# Quaking Aspen and the Big-tooth Aspen



## DanSS26

Someone posted about only finding morels around Big-tooth Aspen and not finding them around Quaking Aspen. Have you found this to be the case? I did not even realize there were two types. Looking at pictures of the leaves I discover I have been looking around Quaking Aspen. 

At http://www.northerncountrymorels.com/trees.htm on their page of how to identify trees that morels grow around, they show a picture of a Quaking Aspen leaf. Also, check out their picture of the Poplar leaf. I always though Poplar and Aspen were the same?

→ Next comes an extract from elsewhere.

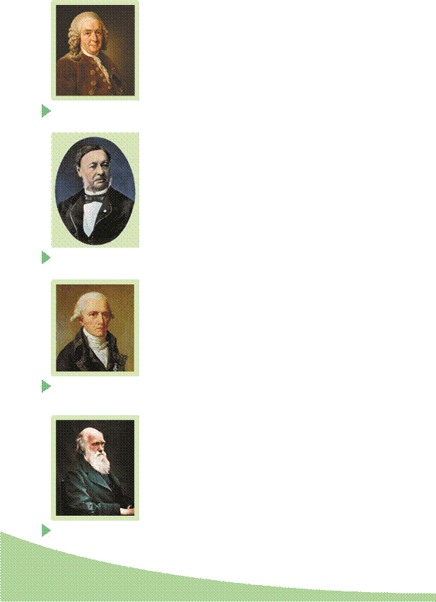Усі накопичені наукові факти про різноманіття живого узагальнив видатний шведський учений XVIII ст. Мал. 1.2. Арістотель (384–322 рр. до н. е.) Мал. 1.3. Роберт Гук (1635–1703) Мал. 1.4. Антоні ван Левенгук (1632–1723) Карл Лінней (мал. 1.5). Він наголошував на тому, що в природі існують групи особин, які нагадують одна одну за особливостями будови, потребами до довкілля, заселяють певну частину поверхні Землі, здатні схрещуватися між собою та давати плідних нащадків. Такі групи, кожна з яких має певні відмінності від інших, він вважав видами . Лінней започаткував сучасну систематику, а також створив власну класифікацію рослин і тварин. Він ввів латинські наукові назви видів, родів та інших систематичних категорій, описав понад 7500 видів рослин і близько 4000 видів тварин. Мал. 1.5. Карл Лінней (1707–1778) Важливий етап у розвитку біології пов’язаний зі створенням клітинної теорії та розвитком еволюційних ідей. Зокрема, було виявлено ядро в клітині: уперше його 1828 року спостерігав у рослинній клітині англійський ботанік Роберт Броун (1773–1858), який згодом (1833) запропонував термін «ядро». 1830 року ядро яйцеклітини курки описав чеський дослідник Ян Пуркіне (1787–1869). Спираючись на праці цих учених та німецького бота ніка Маттіаса Шлейдена (1804–1881), німецький зоолог Теодор Шванн (мал. 1.6) 1838 року сформулював основні положення клітинної теорії, згодом доповнені німецьким цитологом Рудольфом Вірховим (1821–1902). На початку ХІХ ст. Жан-Батіст Ламарк (мал. 1.7) за-

How would you distinguish between Big-tooth and Quaking when they do not have leaves on them?


----------



## MAttt

Hi Dan 
I asked mike last year why he had the quaking aspen
picture up there instead of the big tooth aspen since
they are not known to be a morel tree.
I got no response.

Aspen and poplar,popple are the same .

Now the poplar leaf he has up is for the tulip poplar or tulip tree.
Ya, I know a bit confusing. 

Here's one of my favorite online sites for trees.
Check out the scientific names next to each and 
you'll see where the term poplar comes from.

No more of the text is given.